REQUIRED WORK — In the records that follow, find the line containing "Joli marque page" and the line containing "Die Deutsche Bundesbahn", then transcribe both and every line between them exactly, omitting pictures.

LISTED ENTRIES —
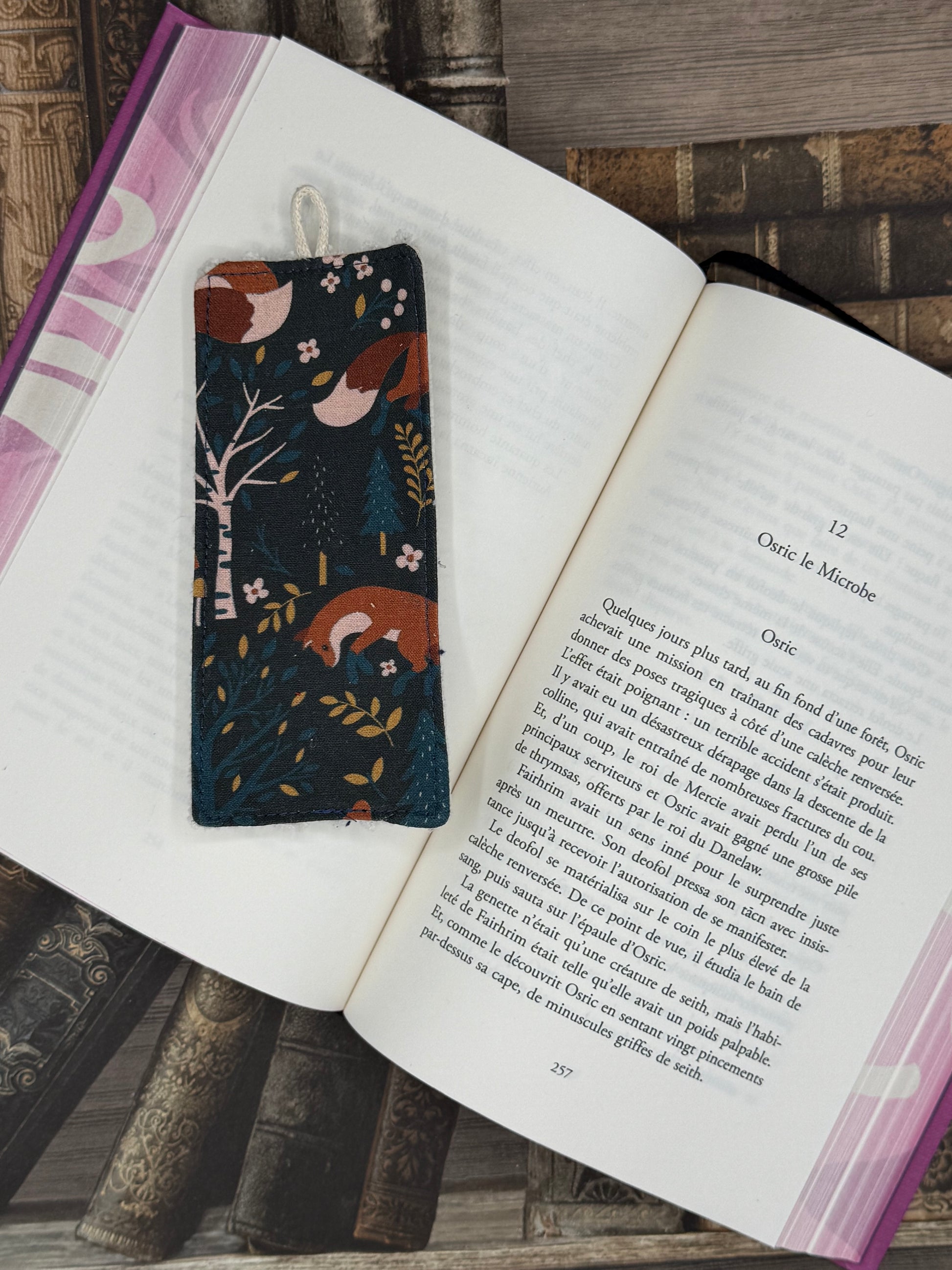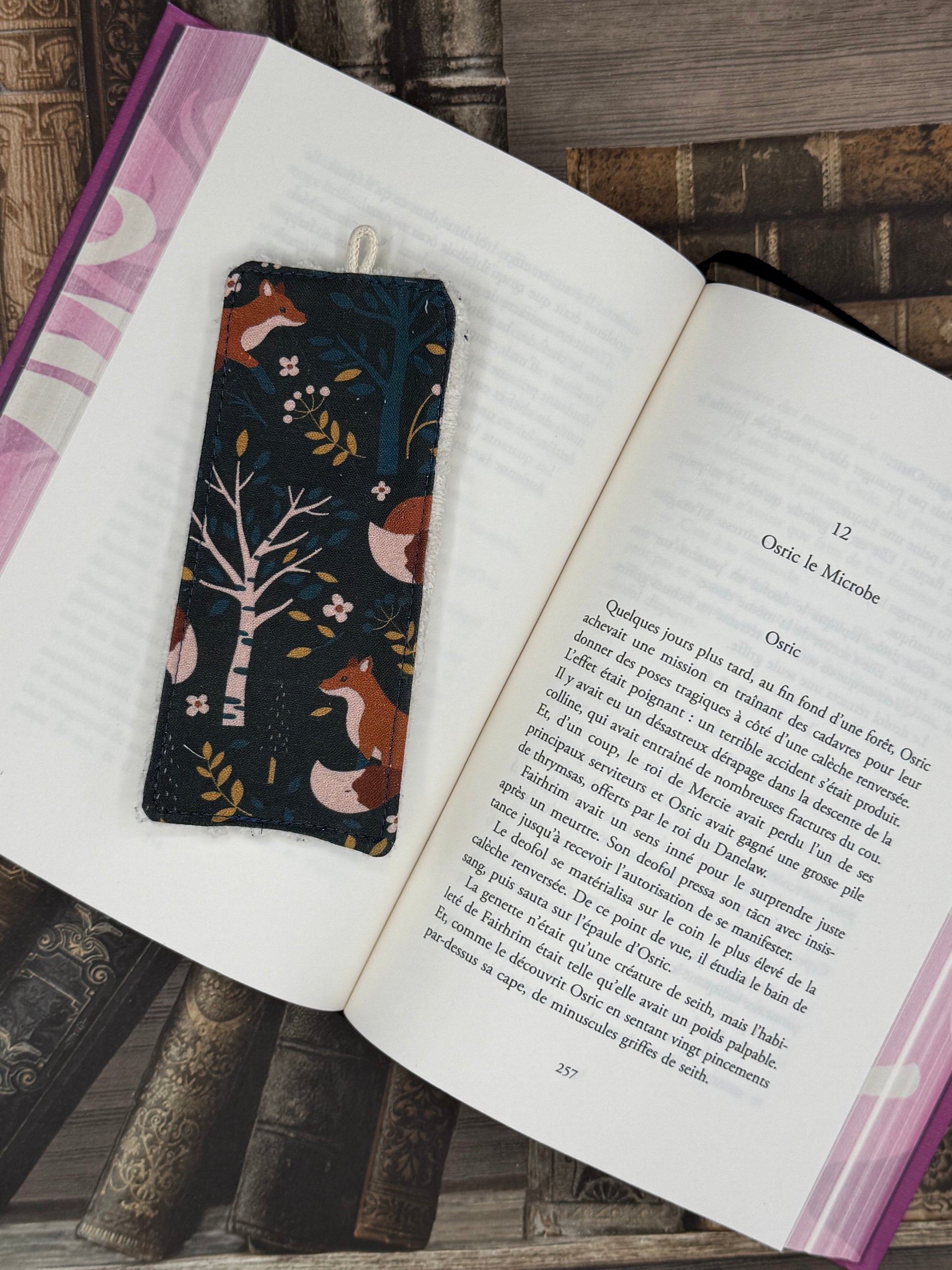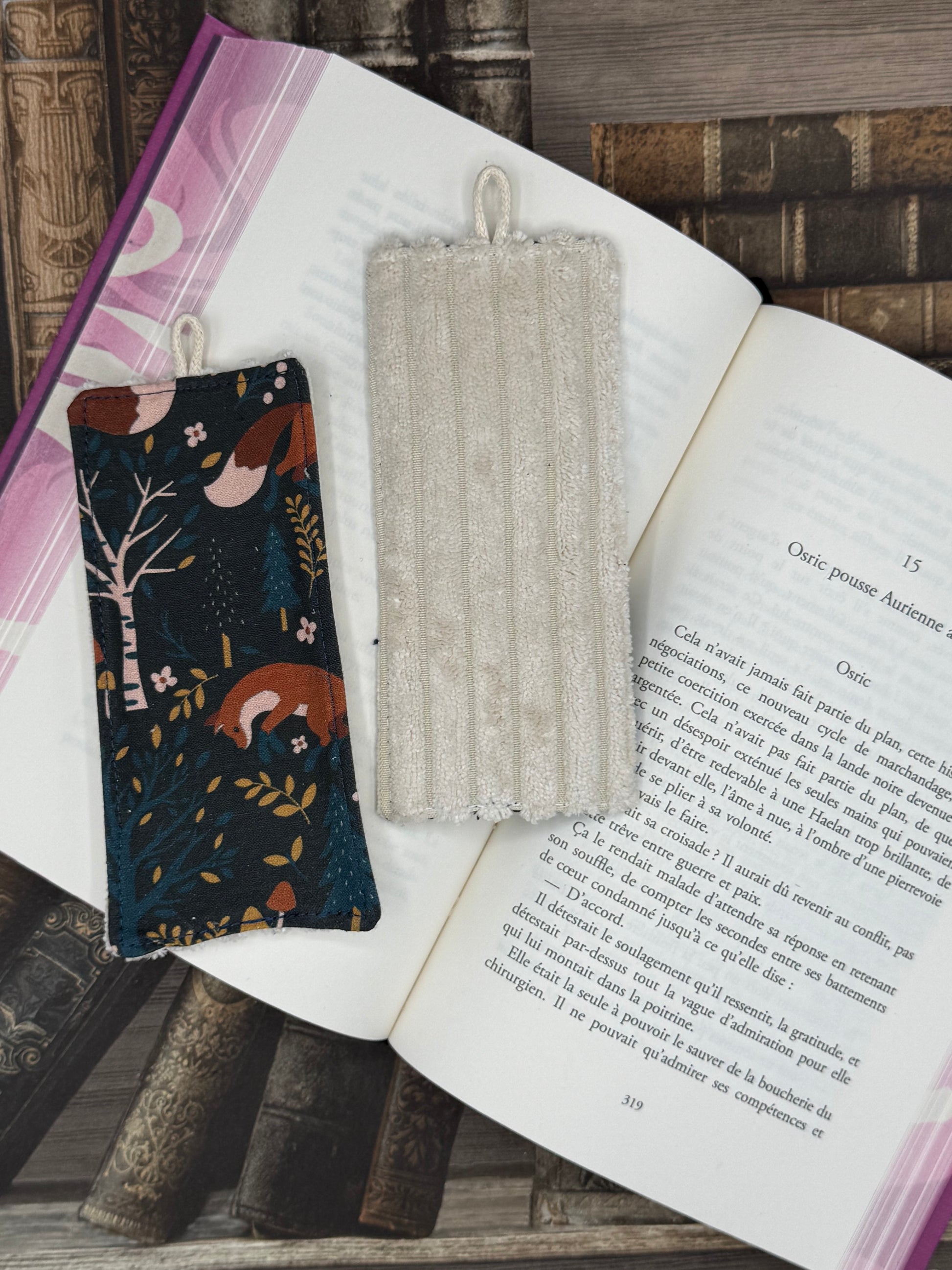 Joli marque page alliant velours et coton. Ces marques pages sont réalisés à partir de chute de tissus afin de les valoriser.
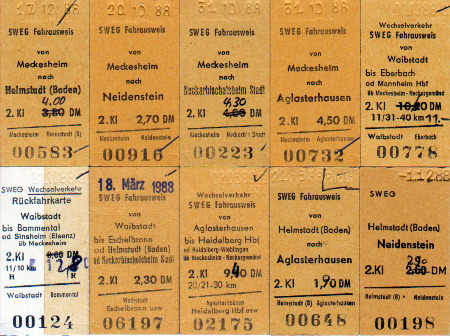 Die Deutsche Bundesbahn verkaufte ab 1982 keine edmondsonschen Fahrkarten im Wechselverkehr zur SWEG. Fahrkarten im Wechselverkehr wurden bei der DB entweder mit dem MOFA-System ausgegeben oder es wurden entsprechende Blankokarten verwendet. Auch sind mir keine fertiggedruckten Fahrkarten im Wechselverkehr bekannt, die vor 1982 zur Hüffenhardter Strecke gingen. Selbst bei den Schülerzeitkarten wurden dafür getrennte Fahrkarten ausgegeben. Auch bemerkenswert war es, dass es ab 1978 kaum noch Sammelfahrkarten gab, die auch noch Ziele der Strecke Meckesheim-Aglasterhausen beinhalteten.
---
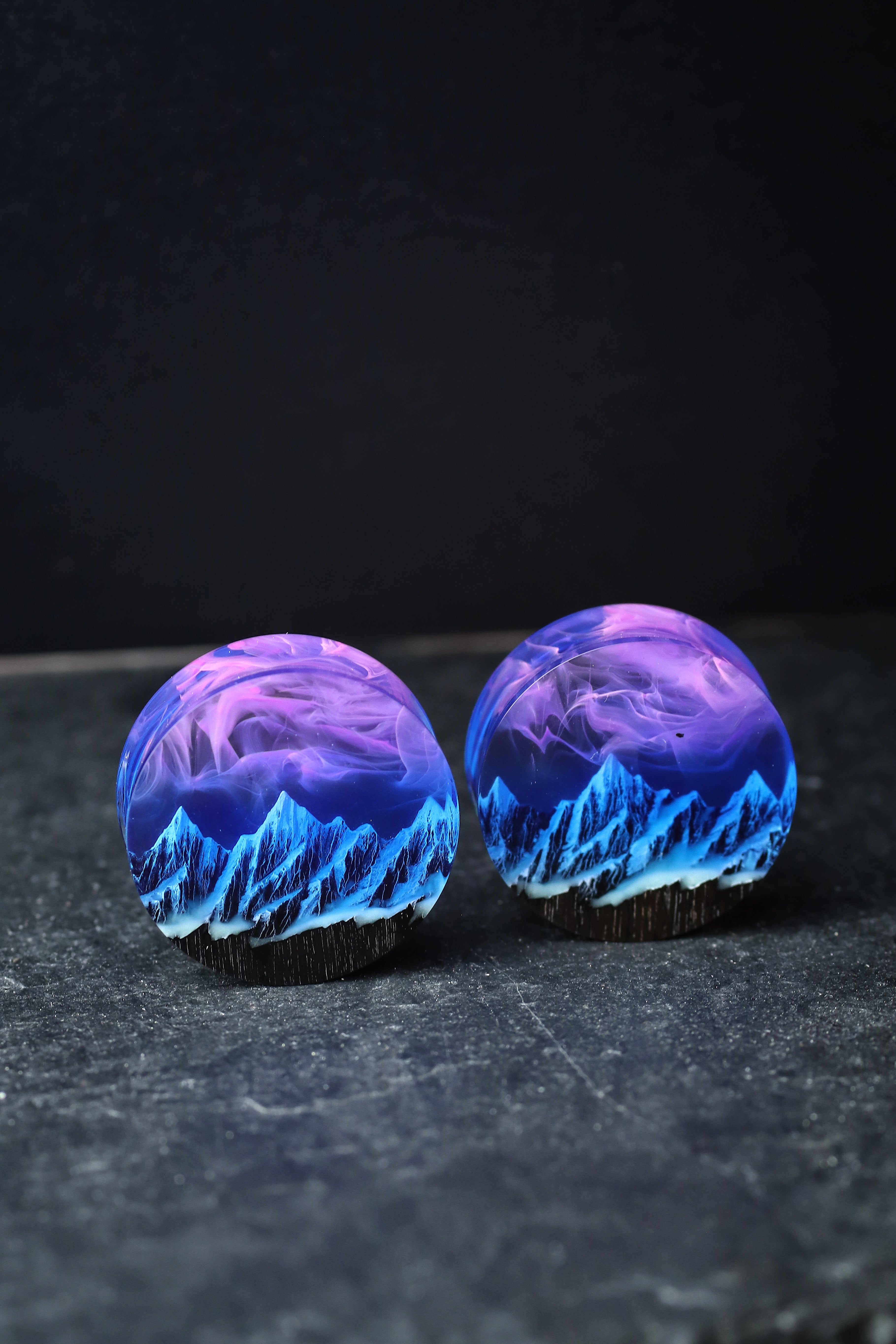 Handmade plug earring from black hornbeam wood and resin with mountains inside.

RESULT OF THIS EXERCISE —
 Joli marque page alliant velours et coton. Ces marques pages sont réalisés à partir de chute de tissus afin de les valoriser.
 Die Deutsche Bundesbahn verkaufte ab 1982 keine edmondsonschen Fahrkarten im Wechselverkehr zur SWEG. Fahrkarten im Wechselverkehr wurden bei der DB entweder mit dem MOFA-System ausgegeben oder es wurden entsprechende Blankokarten verwendet. Auch sind mir keine fertiggedruckten Fahrkarten im Wechselverkehr bekannt, die vor 1982 zur Hüffenhardter Strecke gingen. Selbst bei den Schülerzeitkarten wurden dafür getrennte Fahrkarten ausgegeben. Auch bemerkenswert war es, dass es ab 1978 kaum noch Sammelfahrkarten gab, die auch noch Ziele der Strecke Meckesheim-Aglasterhausen beinhalteten.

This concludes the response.